スコールが何処まで本気で言っているにせよ、確かに買い食いの制限はあれど、実際にはそれは形骸化された校則であった。
放課後にコンビニに寄ったり、ファーストフードを食べたり、大通りの出店屋台に誘われる生徒は少なくない。
今時の学生と言うのは忙しくて、学校が終わったら、家にも帰らず直ぐ塾だ習い事だと向かう事も多かった。
そうして夕飯も遅くなってしまう事も珍しくない訳で、このタイミングで軽く腹拵えをしておかなければ、習い事にも身が入らない。
教員たちもそれは理解しているので、精々が「迷惑かけるんじゃないぞ」と釘を刺しておく程度だ。
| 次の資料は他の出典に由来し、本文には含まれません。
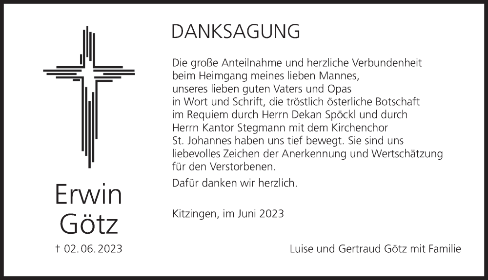 Hier finden Sie alle Traueranzeigen aus der Zeitung, die bisher für Erwin Götz erschienen sind. Weitere Traueranzeigen, die in der Zeitung erscheinen, werden hier ebenfalls aufgelistet

校門を抜けて間もなく、生徒達が寄り道の定番にしているコンビニが見えて来る。
傘を持たずに学校を飛び出した生徒の殆どは、まず此処を目指し、雨具の調達を狙っていたのだろう。
一人、また一人と制服姿の少年少女が現れては、購入したばかりの傘を開いて、改めて家路に着いて行く様子を見る事が出来た。

二人はコンビニの入り口脇の軒下へ入り、ジタンは傘を閉じた。
どうせまた直ぐに使うのだがとは思いつつ、濡れた傘をそのままに持つ訳にも行かないので、仕方なくきちんと閉じてカバーに入れて置く。
湿ったそれを鞄の中に入れる気にはならなかったので、ジタンはそれを手に持ったまま、店内へと入った。

雨に濡れた若者達が転がり込んで来る所為だろう、店の中はじっとりと湿気が多い。
長居は無用だなと、ジタンは商品棚から袋菓子、レジ横のホットスナックから肉まんを頼んで、支払いを済ませた。
その後ろに並んでいたスコールは、予定通りにビニール傘と、いつもの缶コーヒーを買っている。

と、


(────あ)


鞄から財布を取り出しているスコールの肩を見て、ジタンは其処が水染みに濡れている事に気付いた。

折り畳み傘は、どうしてもサイズとしては小さいもので、一人用と言って良い。
其処に二人で収まっていたのだから、肩が食み出てしまうのは仕方がない。
しかし、ジタンの体は、足元の水溜り跳ねを除けば濡れた所はなく、傘を持っていたスコールの肩だけが不自然に濡れているのは、つまり。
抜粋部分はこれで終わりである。